======== Records to use

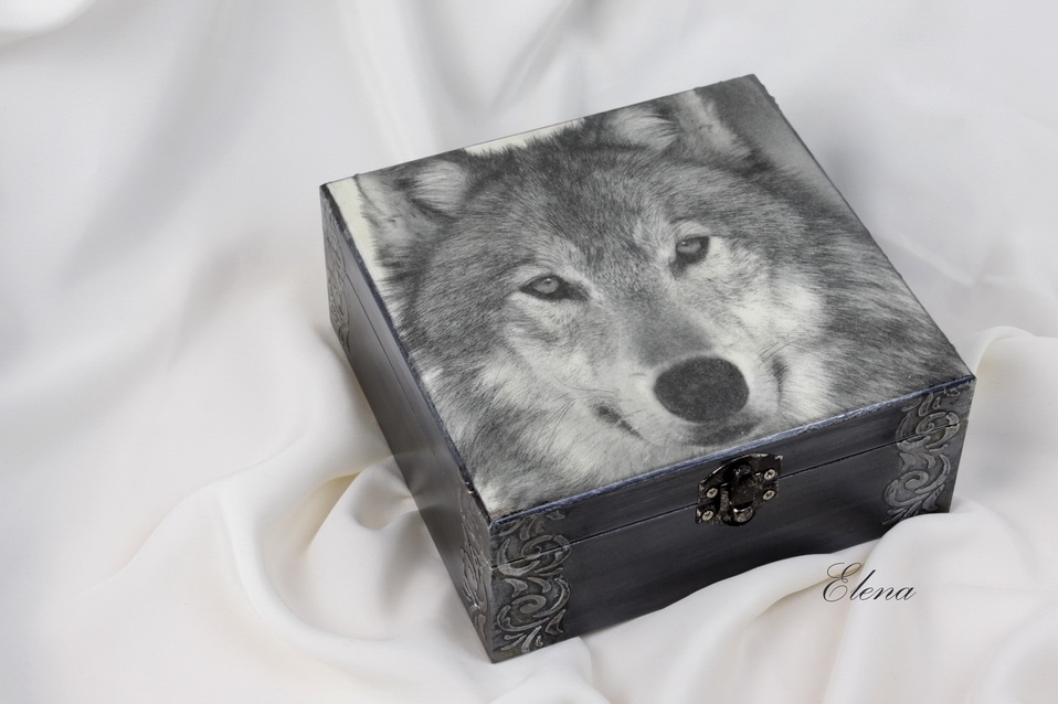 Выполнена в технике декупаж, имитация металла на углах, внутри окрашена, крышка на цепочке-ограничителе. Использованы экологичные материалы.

================
======== Records to use

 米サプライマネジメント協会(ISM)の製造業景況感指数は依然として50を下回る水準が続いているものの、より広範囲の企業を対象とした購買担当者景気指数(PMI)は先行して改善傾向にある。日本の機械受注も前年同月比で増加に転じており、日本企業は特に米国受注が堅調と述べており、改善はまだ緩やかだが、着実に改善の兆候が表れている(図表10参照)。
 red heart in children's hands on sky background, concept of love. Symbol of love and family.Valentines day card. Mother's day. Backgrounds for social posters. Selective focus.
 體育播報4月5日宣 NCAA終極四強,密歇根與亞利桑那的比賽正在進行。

================
======== Records to use

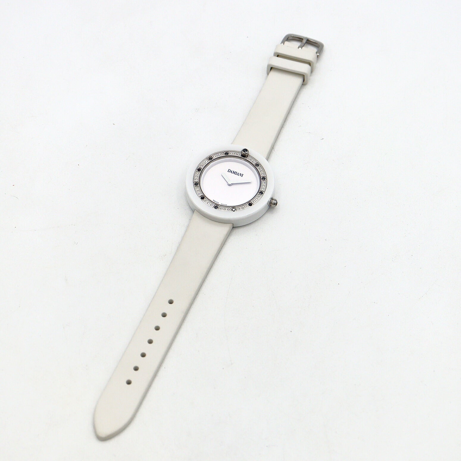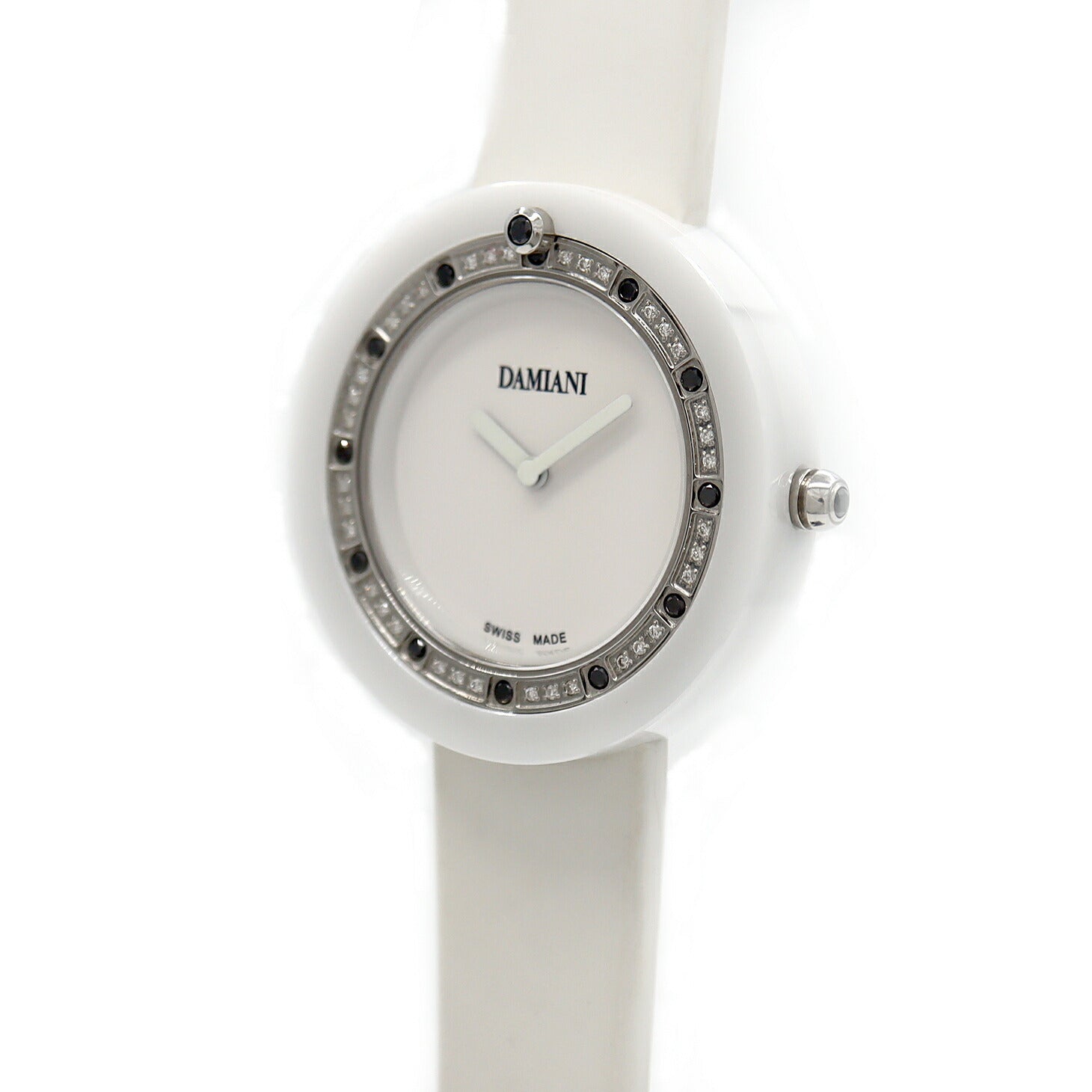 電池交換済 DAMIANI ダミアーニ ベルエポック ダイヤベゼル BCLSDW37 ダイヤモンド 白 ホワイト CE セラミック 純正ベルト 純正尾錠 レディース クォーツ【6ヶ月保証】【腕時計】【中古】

================

Assignment » Output, from the data above, the lines from the line with "red heart in" to the line with "體育播報4月5日宣 NCAA終極四強,密歇根與亞利桑那的比賽正在進行。" exactly as they stand, both ends included and nothing else.

Expected answer »
 red heart in children's hands on sky background, concept of love. Symbol of love and family.Valentines day card. Mother's day. Backgrounds for social posters. Selective focus.
 體育播報4月5日宣 NCAA終極四強,密歇根與亞利桑那的比賽正在進行。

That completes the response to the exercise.